As the demand in the exercise, we normalize $v_{1}$ , $v_{2}$ , and $v_{3}$ to be

u_{1} = (\frac{1}{\sqrt{2}}, 0, \frac{1}{\sqrt{2}}),

u_{2} = (- \frac{1}{\sqrt{6}}, \frac{4}{\sqrt{6}}, \frac{1}{\sqrt{6}}),

u_{3} = (\frac{1}{\sqrt{3}}, \frac{1}{\sqrt{3}}, - \frac{1}{\sqrt{3}}) .

Let $β = {u_{1}, u_{2}, u_{3}}$ . Now we have two ways to compute the Fourier coefficients of $x$ relative to $β$ . One is to solve the system of equations

a_{1} u_{1} + a_{2} u_{2} + a_{3} u_{3} = x

and get

x = \frac{3}{\sqrt{2}} u_{1} + \frac{3}{\sqrt{6}} u_{2} + 0 u_{3} .

The other is to calculate the $i$ -th Fourier coefficient

a_{i} = ⟨ x, u_{i} ⟩

directly by Theorem 6.5. And the two consequences meet.

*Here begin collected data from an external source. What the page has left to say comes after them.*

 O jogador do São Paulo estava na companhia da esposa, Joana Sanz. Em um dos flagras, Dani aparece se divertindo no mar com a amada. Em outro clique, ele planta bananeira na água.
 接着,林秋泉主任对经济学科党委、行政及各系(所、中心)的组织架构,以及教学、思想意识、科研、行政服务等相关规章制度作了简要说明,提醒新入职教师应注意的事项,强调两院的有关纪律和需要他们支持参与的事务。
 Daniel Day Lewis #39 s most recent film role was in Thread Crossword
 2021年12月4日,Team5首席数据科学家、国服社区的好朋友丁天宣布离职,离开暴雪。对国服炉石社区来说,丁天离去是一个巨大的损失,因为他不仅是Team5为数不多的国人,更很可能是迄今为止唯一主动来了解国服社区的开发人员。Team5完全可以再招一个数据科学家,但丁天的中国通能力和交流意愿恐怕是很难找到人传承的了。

Ur...don’t follow the original order. Pick

w_{1} = (0, 0, 1)

,

w_{2} = (0, 1, 1)

, and

w_{3} = (1, 1, 1)

and get the answer

β = {(0, 0, 1), (0, 1, 0), (1, 0, 0)}

instantly. And easily we also know that the Fourier coefficients of $x$ relative to $β$ are $1, 0, 1$ .

The basis is

β = {1, \sqrt{3} (2 x - 1), \sqrt{5} (6 x^{2} - 6 x + 1)} .

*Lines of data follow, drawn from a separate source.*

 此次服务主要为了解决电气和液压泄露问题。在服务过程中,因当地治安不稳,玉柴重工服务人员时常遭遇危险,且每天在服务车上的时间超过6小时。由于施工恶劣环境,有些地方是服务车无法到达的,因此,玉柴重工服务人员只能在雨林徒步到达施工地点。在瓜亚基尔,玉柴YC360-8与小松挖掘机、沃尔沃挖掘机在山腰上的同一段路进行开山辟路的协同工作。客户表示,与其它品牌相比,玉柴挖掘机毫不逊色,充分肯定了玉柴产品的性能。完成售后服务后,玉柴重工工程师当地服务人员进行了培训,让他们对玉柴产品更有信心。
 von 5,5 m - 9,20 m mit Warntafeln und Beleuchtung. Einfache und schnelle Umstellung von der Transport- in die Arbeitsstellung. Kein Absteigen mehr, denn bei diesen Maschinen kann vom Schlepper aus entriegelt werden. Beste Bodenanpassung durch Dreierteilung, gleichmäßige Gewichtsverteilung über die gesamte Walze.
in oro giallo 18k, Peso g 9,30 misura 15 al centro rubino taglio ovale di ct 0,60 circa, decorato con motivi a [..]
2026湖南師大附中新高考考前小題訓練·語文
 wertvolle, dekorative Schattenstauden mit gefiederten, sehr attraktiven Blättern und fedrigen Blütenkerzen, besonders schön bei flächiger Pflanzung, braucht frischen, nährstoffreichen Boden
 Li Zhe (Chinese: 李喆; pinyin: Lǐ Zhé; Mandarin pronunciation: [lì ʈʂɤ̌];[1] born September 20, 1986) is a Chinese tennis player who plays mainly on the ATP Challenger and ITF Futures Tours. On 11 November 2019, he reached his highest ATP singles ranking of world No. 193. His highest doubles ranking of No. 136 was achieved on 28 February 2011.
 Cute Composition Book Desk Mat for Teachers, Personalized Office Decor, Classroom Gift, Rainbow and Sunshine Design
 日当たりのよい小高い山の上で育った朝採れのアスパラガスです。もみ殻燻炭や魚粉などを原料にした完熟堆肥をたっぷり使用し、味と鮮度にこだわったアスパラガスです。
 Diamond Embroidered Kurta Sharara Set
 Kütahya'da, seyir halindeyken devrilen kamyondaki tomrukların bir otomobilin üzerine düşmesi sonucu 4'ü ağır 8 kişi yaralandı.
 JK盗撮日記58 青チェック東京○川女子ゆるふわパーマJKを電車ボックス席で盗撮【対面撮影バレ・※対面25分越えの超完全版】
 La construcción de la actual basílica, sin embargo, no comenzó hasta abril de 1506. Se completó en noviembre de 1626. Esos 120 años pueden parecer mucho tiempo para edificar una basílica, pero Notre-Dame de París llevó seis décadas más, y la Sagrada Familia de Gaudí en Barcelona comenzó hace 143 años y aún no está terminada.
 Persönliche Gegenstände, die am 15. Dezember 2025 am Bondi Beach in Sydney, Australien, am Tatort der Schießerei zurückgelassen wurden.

And the Fourier coefficients are $\frac{3}{2}, \frac{\sqrt{3}}{6}, 0$ .

The basis is

β = {\frac{1}{\sqrt{2}} (1, i, 0), \frac{1}{2 \sqrt{17}} (1 + i, 1 - i, 4 i)} .

And the Fourier coefficients are $\frac{7 + i}{\sqrt{2}}, \sqrt{17} i$ .

The basis is

β = {(\frac{2}{5}, - \frac{1}{5}, - \frac{2}{5}, \frac{4}{5}), (- \frac{4}{\sqrt{30}}, \frac{2}{\sqrt{30}}, - \frac{3}{\sqrt{30}}, \frac{1}{\sqrt{30}}),

(- \frac{3}{\sqrt{155}}, \frac{4}{\sqrt{155}}, \frac{9}{\sqrt{155}}, \frac{7}{\sqrt{155}})} .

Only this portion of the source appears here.